Out of the 291 patients who received naproxen (750 mg/d), 151 completed three months of treatment, 124 people took the medication for six months, 85 people completed nine months of treatment and 80 took the medication for a year. The study notes median dose adherence for naproxen ranged between 96.4 to 98.4 percent.

According to the authors of the study, gastrointestinal bleeding occurred in one patient in the naproxen group. Otherwise, they found no serious side effects related to the drugs. — A.L.

Emphasizing Exercise For Knee Pain
A recent analysis of 16 studies found that self-management initiatives and exercise are beneficial in managing OA in the knee.

Exercise, such as stationary cycling, reportedly has positive benefits for those with knee pain.

According to the study, which was published in the Journal of Rheumatology, researchers at San Diego State University noted that exercises (such as walking and stationary cycling) and self-management (in the form of dietary changes, etc.) have modest physical and emotional value.

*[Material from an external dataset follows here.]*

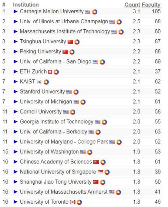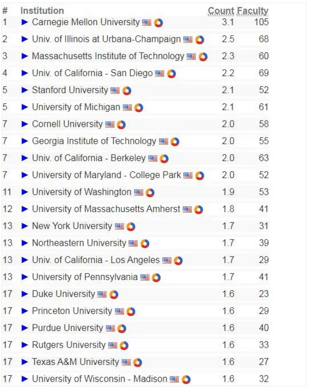 該排名以全球高校和研究機(jī)構(gòu)在計(jì)算機(jī)領(lǐng)域的頂級(jí)學(xué)術(shù)會(huì)議上發(fā)表論文數(shù)量作為主要依據(jù),強(qiáng)調(diào)學(xué)術(shù)影響力和國際活躍度,相對(duì)于傳統(tǒng)的排名方法更能體現(xiàn)出院校在CS領(lǐng)域的真正實(shí)力以及師資力量,因此非常有參考價(jià)值。

Charlene Morris, MPAS, PA-C, says the study encourages her to continue what she has been doing all along: prescribing exercise for her patients.

“It gives patients a doable activity that will ultimately improve their disease and their life,” emphasizes Morris, the Past President of the Association for Family Practice Physicians. —A.L.

Low-Dose Rituximab: Is It Beneficial For RA?

Researchers have discovered that two different dosing regimens of rituximab nearly double the percentage of rheumatoid arthritis (RA) patients who achieve an ACR 20 response as opposed to those treated with a placebo.

The study, which was published in a recent issue of Arthritis and Rheumatism, involved 465 patients with moderate to severe RA symptoms and had demonstrated resistance to disease-modifying antirheumatic drugs (DMARDs). Three groups received a 1,000 mg dose of rituximab, three groups received a 500 mg dose of rituximab and three groups received a placebo, according to the study. All the groups also received an IV steroid, oral steroid or placebo. All patients also received methotrexate.

After 24 weeks, the researchers found that 54 percent of the 1,000 mg rituximab groups achieved an ACR 20 response, 55 percent of the 500 mg rituximab groups achieved an ACR 20 response and 28 percent of the placebo groups achieved that level.

According to the study, the dosing of rituximab (Rituxan, Genentech) was done in two infusions, two weeks apart. Study researchers noted that side effects were mild with headache being the most common. — A.L.